YAML Metadata Warning:empty or missing yaml metadata in repo card

Check out the documentation for more information.

VLAarchtests3

VLAarchtests3 is the organized export of the elastic-occlusion bimanual VLA handoff completed on a 1x L40S RunPod machine.

It is a successor snapshot to the earlier VLAarchtests and VLAarchtests2 work:

  • VLAarchtests: earlier architecture-search and benchmark-debugging work.
  • VLAarchtests2: larger exploratory branch with frequent model changes, mixed benchmark artifacts, and several legacy results that needed manual reinterpretation.
  • VLAarchtests3: cleaned export focused on the final handoff state, the adapter refactor, the validated tests, the current checkpoints, and the reports needed to continue from here.

What Was Done

The main engineering outcome was a refactor from a monolithic elastic policy into a cleaner trunk + structured adapter + no-op fallback stack.

The final exported code contains:

  • a clean wrapped-policy interface with trunk_only, adapter_noop, and adapter_active modes,
  • a structured elastic-occlusion adapter with:
    • reveal-state prediction,
    • task-routed reveal/retrieve proposal families,
    • retrieve-feasibility gating,
    • a lightweight reveal-state transition model,
  • explicit tests that protect:
    • no-op equivalence,
    • generic-task fallback,
    • benchmark protocol identity,
    • unsafe retrieve blocking,
    • cloth-specific selection behavior.

The most important debugging pass was in the planner/gating logic. The original active path could reveal forever or retrieve too early. The final planner fixes made it:

  • summarize scene readiness at the scene level rather than worst-candidate level,
  • hard-mask unsafe retrieve candidates,
  • switch from reveal to retrieve once feasibility is met,
  • use task-specific bag and cloth readiness criteria,
  • prefer reveal macros early and retrieve later.

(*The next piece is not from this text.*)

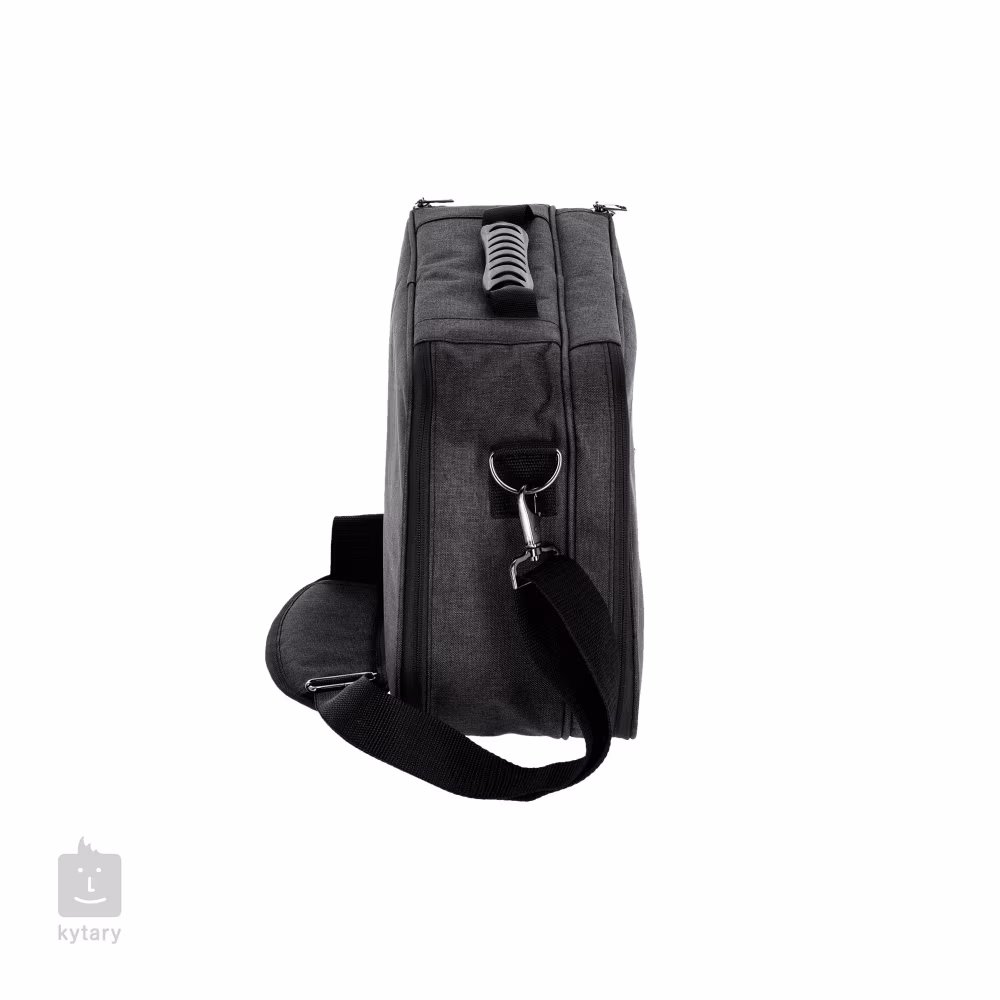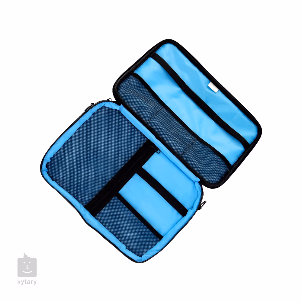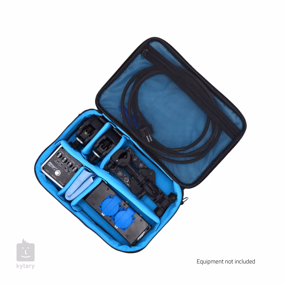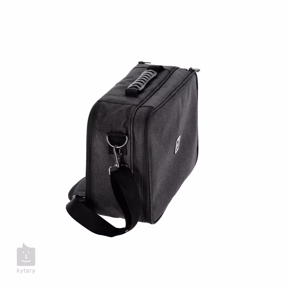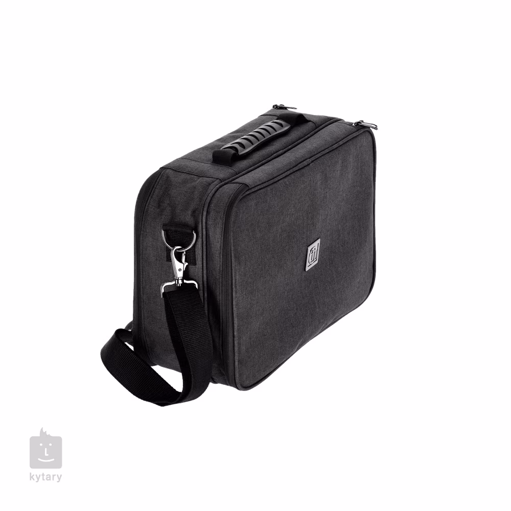Transportkoffer, geeignet für Kabel, Mikrofone und anderes kleines Zubehör. Der Innenraum ist mit speziellen Taschen, Fächern und herausnehmbaren Wänden ausgestattet, die eine flexible Nutzung ermöglichen. Der ergonomisch geformte Handgriff und der Schultergurt sorgen für einen bequemen Transport.

What Was Actually Evaluated

Two different kinds of evidence are included.

1. Trusted General-Task Anchor

This was kept narrow on purpose because only dual_push_buttons was trusted on this setup.

Trusted anchor evidence:

  • official AnyBimanual local anchor summary on dual_push_buttons:
    • 25 episodes
    • success 0.96
  • live rerun on this RunPod:
    • 5 episodes
    • scores [0, 100, 100, 0, 0]
    • mean score 40.0

Interpretation:

  • the official trunk path is real and non-trivial on the one stable anchor task,
  • this does not mean the local custom CLIP trunk was competitive broadly,
  • this does not validate the other unstable RLBench target-like tasks.

2. Reveal/Retrieve Proxy Benchmark

This benchmark is useful for mechanism debugging, but it is not a real robot/physics benchmark.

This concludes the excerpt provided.